*** DATASET CONTENT ***

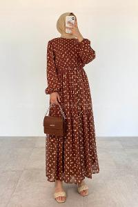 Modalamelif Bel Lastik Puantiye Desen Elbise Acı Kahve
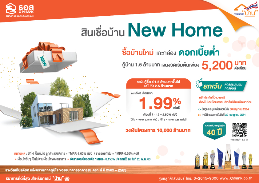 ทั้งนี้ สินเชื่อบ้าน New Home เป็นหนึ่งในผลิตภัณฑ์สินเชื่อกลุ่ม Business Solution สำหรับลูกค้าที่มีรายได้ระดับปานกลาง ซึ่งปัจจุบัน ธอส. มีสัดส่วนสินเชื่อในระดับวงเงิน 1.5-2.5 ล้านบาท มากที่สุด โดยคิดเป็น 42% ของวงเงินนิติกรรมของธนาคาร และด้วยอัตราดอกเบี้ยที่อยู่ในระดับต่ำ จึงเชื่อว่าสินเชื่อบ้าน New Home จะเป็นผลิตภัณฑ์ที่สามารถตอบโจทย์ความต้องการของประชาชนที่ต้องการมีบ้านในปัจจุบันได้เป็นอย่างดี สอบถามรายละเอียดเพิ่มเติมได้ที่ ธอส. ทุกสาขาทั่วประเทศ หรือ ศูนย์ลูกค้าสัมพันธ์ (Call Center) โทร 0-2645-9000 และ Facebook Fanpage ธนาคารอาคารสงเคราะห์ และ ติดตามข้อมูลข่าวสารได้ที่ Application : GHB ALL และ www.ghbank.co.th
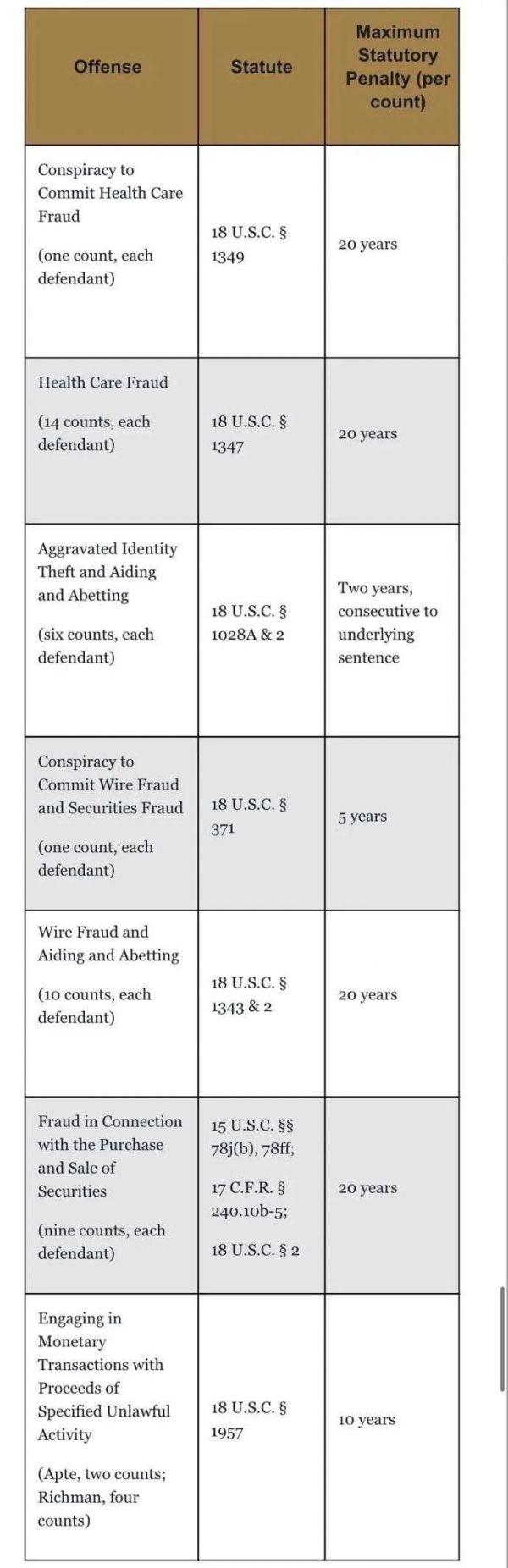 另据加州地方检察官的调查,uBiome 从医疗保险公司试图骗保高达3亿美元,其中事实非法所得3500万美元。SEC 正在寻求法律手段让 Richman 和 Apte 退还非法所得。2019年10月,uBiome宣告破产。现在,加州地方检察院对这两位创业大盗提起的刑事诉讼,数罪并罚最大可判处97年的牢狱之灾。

*** End of DATASET CONTENT ***

ASSIGNMENT: What is needed is an exact copy of the lines from the start of the listing above through the line that holds "ทั้งนี้ สินเชื่อบ้าน New", with the pictures left out.

SOLUTION FOR THIS PROBLEM:
 Modalamelif Bel Lastik Puantiye Desen Elbise Acı Kahve
 ทั้งนี้ สินเชื่อบ้าน New Home เป็นหนึ่งในผลิตภัณฑ์สินเชื่อกลุ่ม Business Solution สำหรับลูกค้าที่มีรายได้ระดับปานกลาง ซึ่งปัจจุบัน ธอส. มีสัดส่วนสินเชื่อในระดับวงเงิน 1.5-2.5 ล้านบาท มากที่สุด โดยคิดเป็น 42% ของวงเงินนิติกรรมของธนาคาร และด้วยอัตราดอกเบี้ยที่อยู่ในระดับต่ำ จึงเชื่อว่าสินเชื่อบ้าน New Home จะเป็นผลิตภัณฑ์ที่สามารถตอบโจทย์ความต้องการของประชาชนที่ต้องการมีบ้านในปัจจุบันได้เป็นอย่างดี สอบถามรายละเอียดเพิ่มเติมได้ที่ ธอส. ทุกสาขาทั่วประเทศ หรือ ศูนย์ลูกค้าสัมพันธ์ (Call Center) โทร 0-2645-9000 และ Facebook Fanpage ธนาคารอาคารสงเคราะห์ และ ติดตามข้อมูลข่าวสารได้ที่ Application : GHB ALL และ www.ghbank.co.th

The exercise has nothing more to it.